Segment Start: Source material

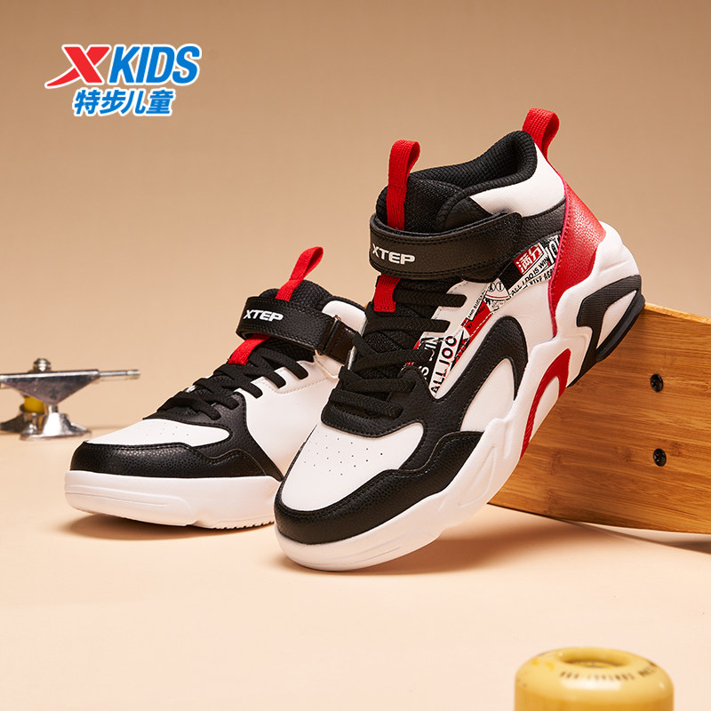 特步儿童新款皮面防滑板鞋运动鞋加绒二棉棉鞋子中大童男童鞋
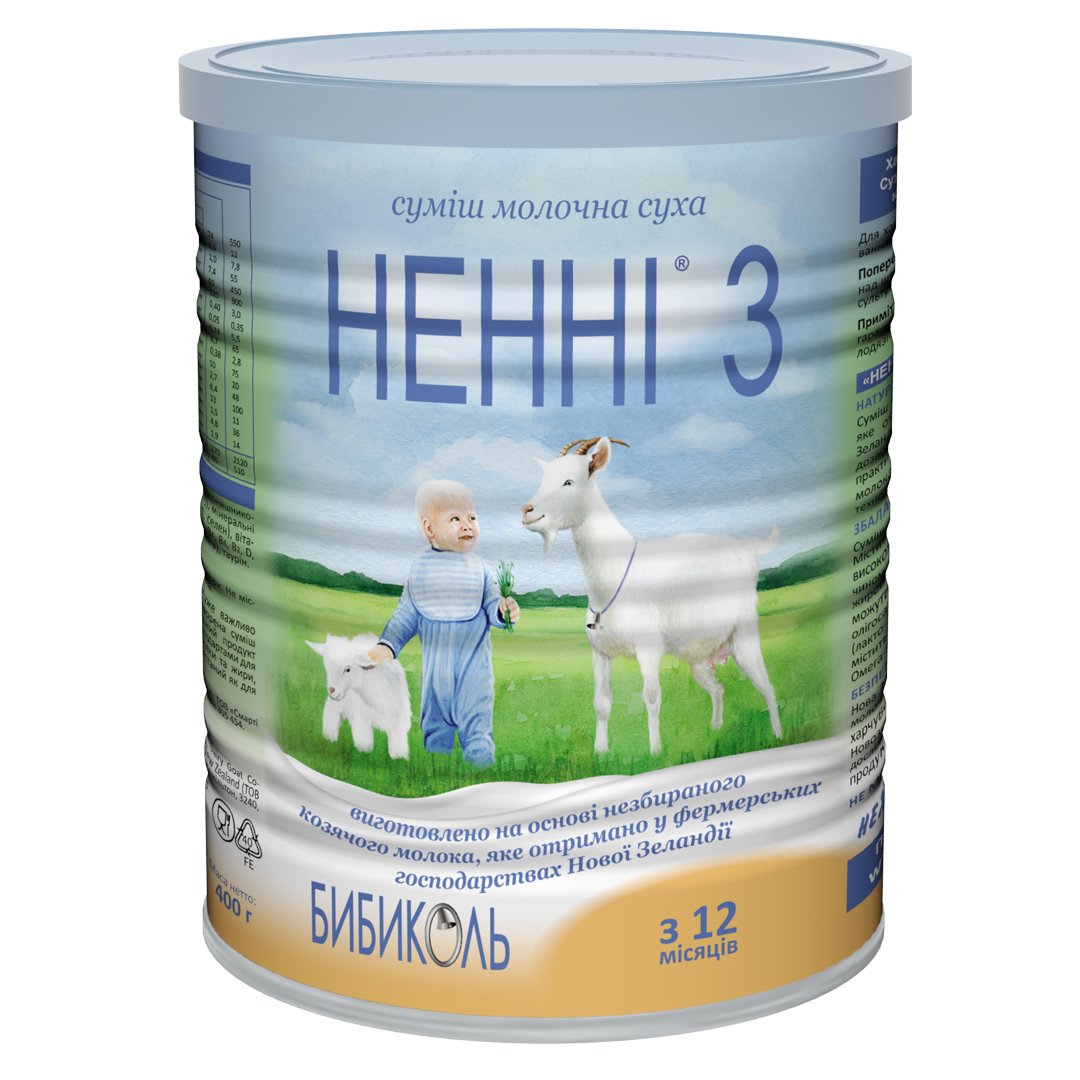НЕННІ® 3 з пребіотиками - сухий молочний напій на основі козячого молока, отриманого в фермерських господарствах Нової Зеландії. Продукт дитячого харчування для дітей старше року. Може бути використаний як для пиття, так і для приготування різних молочних страв. Містить повноцінні білки козячого молока з більш низькою кількістю альфа-S1-казеїну і бета-лактоглобуліну, натуральний молочний жир, високоякісні рослинні олії, залізо, кальцій. Головні переваги дитячих продуктів компанії "Бібіколь": доведена безпечність, натуральність, збалансований склад. Для розвитку дитини важливі нуклеотиди і олігосахариди, присутні в цілісному козячому молоці. Ці біологічно активні компоненти позитивно впливають на імунну систему. Суміш містить вітаміни, мінерали, жирні кислоти Омега-3 і Омега-6, що сприяють правильному розвитку органів зору і головного мозку. Окремі типи олігосахаридів стимулюють ріст і життєдіяльність корисної мікрофлори (лакто-і біфідобактерій) в кишечнику, покращують його роботу. Нова Зеландія - країна з дбайливо оберігаємою природою. Кліматичні умови дозволяють забезпечувати кіз свіжою травою увесь рік. Завдяки спеціальній технології виробництва дитячої суміші, властивості натурального козячого молока дбайливо збережені. Артикул 788876.
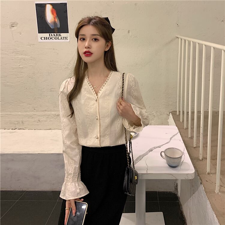 シャツ レディーススプリングスタイルVネックレースジャカード ロング 春物 スーパーモール5575903482
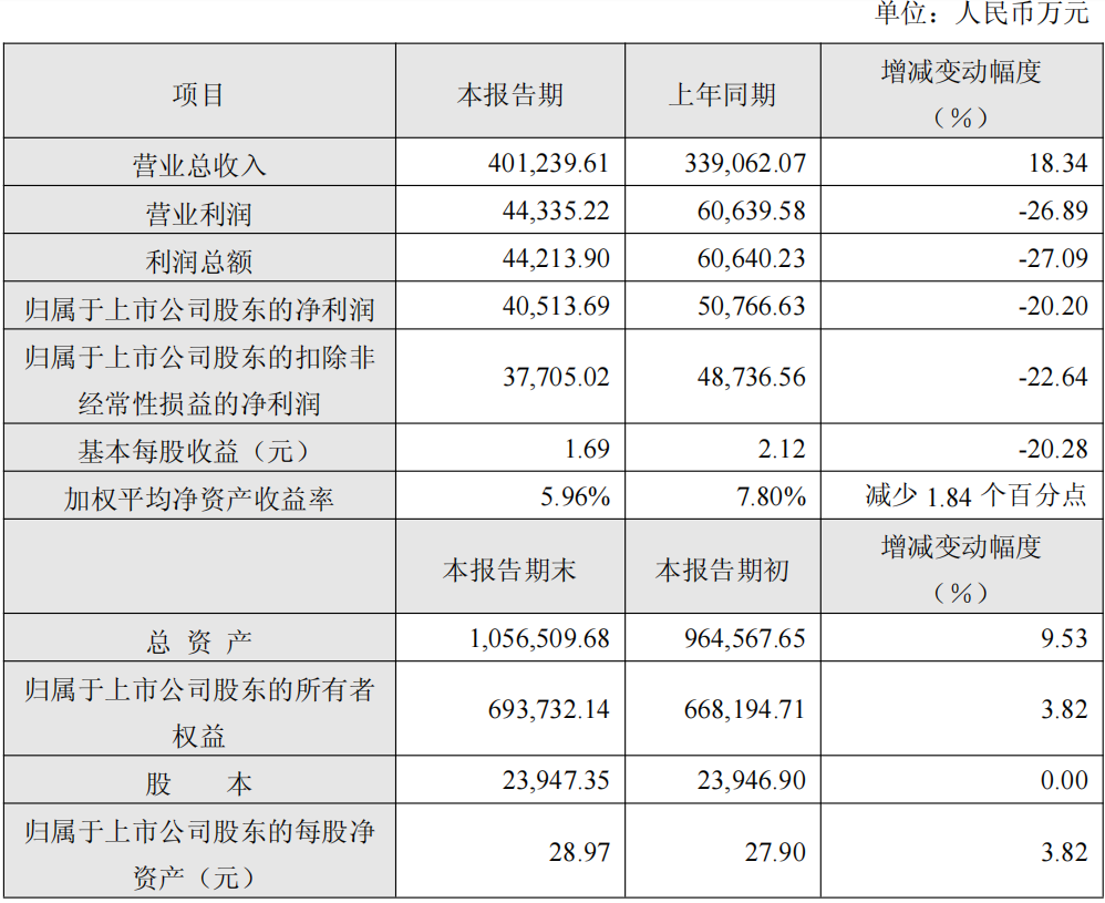 公告显示,2025年度公司营业利润为44,335.22万元,同比下降26.89%;利润总额为44,213.9万元,同比下降27.09%;归属于上市公司股东的净利润为40,513.69万元,同比下降20.2%;归属于上市公司股东的扣除非经常性损益的净利润为37,705.02万元,同比下降22.64%。基本每股收益为1.69元,上年同期为2.12元;加权平均净资产收益率为5.96%,较上年同期减少1.84个百分点。

Segment End: Source material

*Work to complete:*
Beginning with the line containing "シャツ レディーススプリングスタイルVネックレースジャカード ロング" and ending with the last line of the listing above, output those lines exactly as written, without pictures.

*Task solution:*
 シャツ レディーススプリングスタイルVネックレースジャカード ロング 春物 スーパーモール5575903482
 公告显示,2025年度公司营业利润为44,335.22万元,同比下降26.89%;利润总额为44,213.9万元,同比下降27.09%;归属于上市公司股东的净利润为40,513.69万元,同比下降20.2%;归属于上市公司股东的扣除非经常性损益的净利润为37,705.02万元,同比下降22.64%。基本每股收益为1.69元,上年同期为2.12元;加权平均净资产收益率为5.96%,较上年同期减少1.84个百分点。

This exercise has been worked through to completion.